The prediction model constructed in this paper also included biochemical laboratory indicators of ML patients in the calculation. The results showed that LDH, TRF, and β2-MG had a better predictive performance. Previous studies have demonstrated elevated LDH levels in many types of cancer, often associated with poor prognosis in cancer patients [25]. Malignant tumor cells use 5-10 times more glucose than cells in normal tissue and convert most of the glucose into lactic acid. Increased LDH ensures an extensive glycolysis metabolism, thus storing energy for tumor growth [26]. Serum ALP mainly comes from the liver and bone, while the BMI of ML patients will lead to the release of ALP in the bone, which will lead to the elevation of serum ALP level. In addition, β2-MG is an essential protein for cell proliferation and is often regarded as a tumor marker [27]. In this study, the training set was divided into BMI group and non-BMI group for comparative analysis. The results showed that the CA125 level of patients in the BMI group increased significantly. Our results are similar to the high expression marker of CA125 in metastatic tumors proposed by previous study [28].
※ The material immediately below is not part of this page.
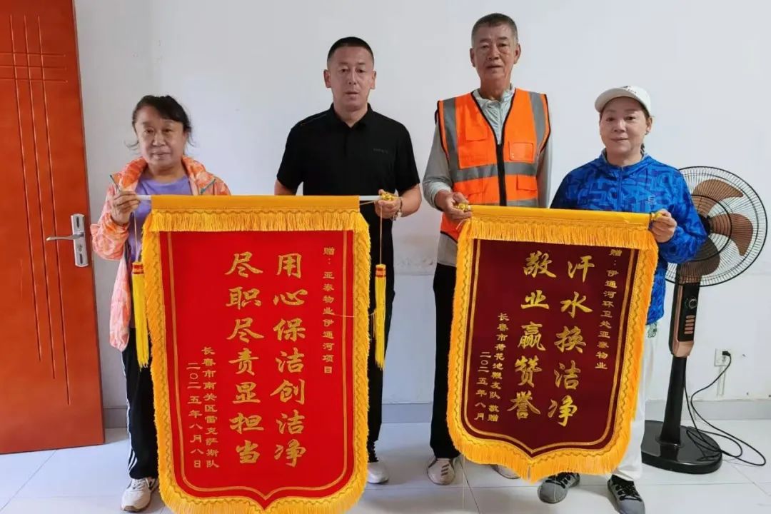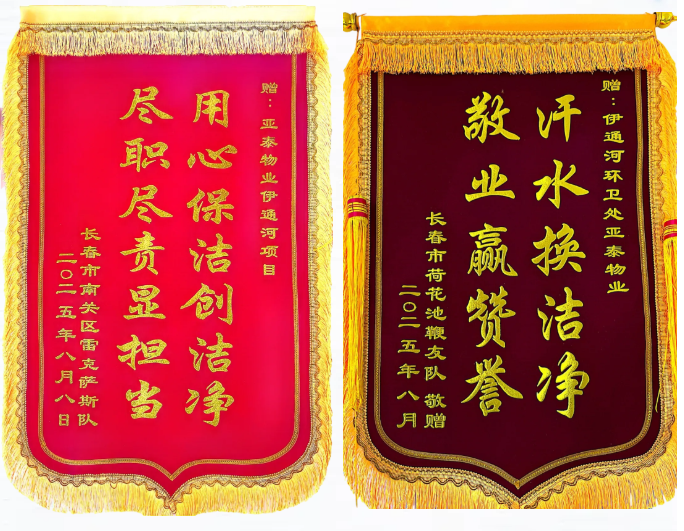一面锦旗,一份认可;一份责任,一路坚守。亚泰物业伊通河项目收获两份沉甸甸的荣誉——两面由市民专程送来的锦旗。“用心保洁创洁净,尽职尽责显担当”“汗水换洁净,敬业赢赞誉”这些烫金大字,不仅代表了市民对我们服务工作的高度认可,更是亚泰物业坚守社会责任、彰显企业担当的真实写照。

The effectiveness of the prediction model is also analyzed. All the models have good predictive efficiency. However, the area under the curve of the XGBoost model (0.844, 95% CI: 0.765~0.937) is more significant than that of the logistic regression model (0.843, 95% CI: 0.761~0.926). The result reflects the XGBoost algorithm’s unique advantages in nonlinear relations [29].

There are several limitations to our study. First, this research for the single-center small sample cross-sectional retrospective study needs multicenter and large sample prospective studies for further verification. In addition, the laboratory indexes’ analysis is not enough, and no related indicators are stratified analysis.

5. Conclusions

In conclusion, the prediction model constructed in this study based on logistic regression and XGBoost algorithm has a good prediction model. The results showed that PLT and sIL-2R were good predictors of BMI in ML patients.

Data Availability

The data used to support the findings of this study are available from the corresponding author upon request.

Conflicts of Interest

The authors declare no conflict of interest.

Acknowledgments

This study was supported by the Science and Technology Project of Yancheng (YK2014017).